Comprehensiveness and context
Historically, there were two types of systems: systems of record and systems of engagement. Computing departments built systems of record, substitutes for the books and records of the firm, robust, secure, safe, hard to attack, and consequently hard to use as well. Communications units built systems of engagement, which, while reliable, were open to all, with simple security needs and exhibiting network effects. Convergence, the coming together of computing and communications, had the unintended consequence of bringing these disparate design and security philosophies together for the first time.
People working on the Social Enterprise at Salesforce.com pretty much pioneered the work on making this work; they were used to delivering services on a multi tenant utility model as their core business for over a decade, so this was nothing new.

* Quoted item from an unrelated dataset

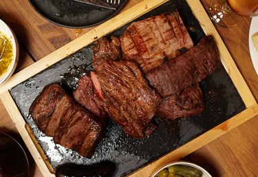 Disfruta de cortes de carne argentinos a la parrilla, servidos de forma continua y en su punto justo. Acompáñalos con vinos seleccionados y bebidas que realzan cada bocado. Completa tu experiencia con guarniciones y ensaladas frescas, ideales para equilibrar los sabores, y déjate tentar por nuestros postres caseros para cerrar con broche de oro.

As a result, the social enterprise is built with a deep understanding of entitlements and permissions; as long as you have the right to see it, you can get to the source information, the order in question, the compan profile, the complaint, whatever. So the context of the information is carried with the content. You can drill down as needed, or see the summary. In the social enterprise, summaries are just convenient representations, the source data is never far away.
This increases comprehensiveness. But it’s not all. The presence of the extended network, the nonlinear participation of customers, partners and staff, the crowd sourced ability to inspect and reduce error, the support for tags and folksonomies, every one of the characteristics I have described earlier today accelerates and enhances comprehensiveness.
The social enterprise is therefore designed to provide more accurate, verifiable information, faster and more effectively when compared with the traditional enterprise, easier to understand, more complete and in context.
The social enterprise provides actionable information. But as I stated earlier, actionable information alone is not enough, you need the tools to do something with that information. Which will be the subject of my next post.
Comments welcome as ever.
Great reflections on this topic which is very close subject to what we’re doing- building an enterprise content curation platform (Eqentia).
Context comes first, content 2nd. When context is well defined, the right content flows. And with social, the right content will lead you to the right people. That part is the actionable part if the context is strongly aligned with your interests.
We also believe that Curation is a means to an end, and not the end itself as being portrayed by several pure curation tools out there, especially the consumer-focused ones. The word “Curation” has started to lose its true meaning because it’s being overused, misused and abused. We should always ask – what is the benefit we’re getting out of curation?
Looking forward to your follow-on pertaining to actionable tools.
If we’re all nodes with permissions to curate content, content is the new hierarchy, and contains permissions. Then what tools can handle permissions. Do tools map back to super users and domain experts (oh my, I’m going in circles).
What about trust? Information with all the 4 characterstics that you listed – without trust would be underused or misused or lead to a wrong conclusion?
Prakash, verifiable accuracy reinforces trust. Not just the accuracy, but the ability to verify it. The ability to get to the source, check source credentials where relevant, understand source data and context.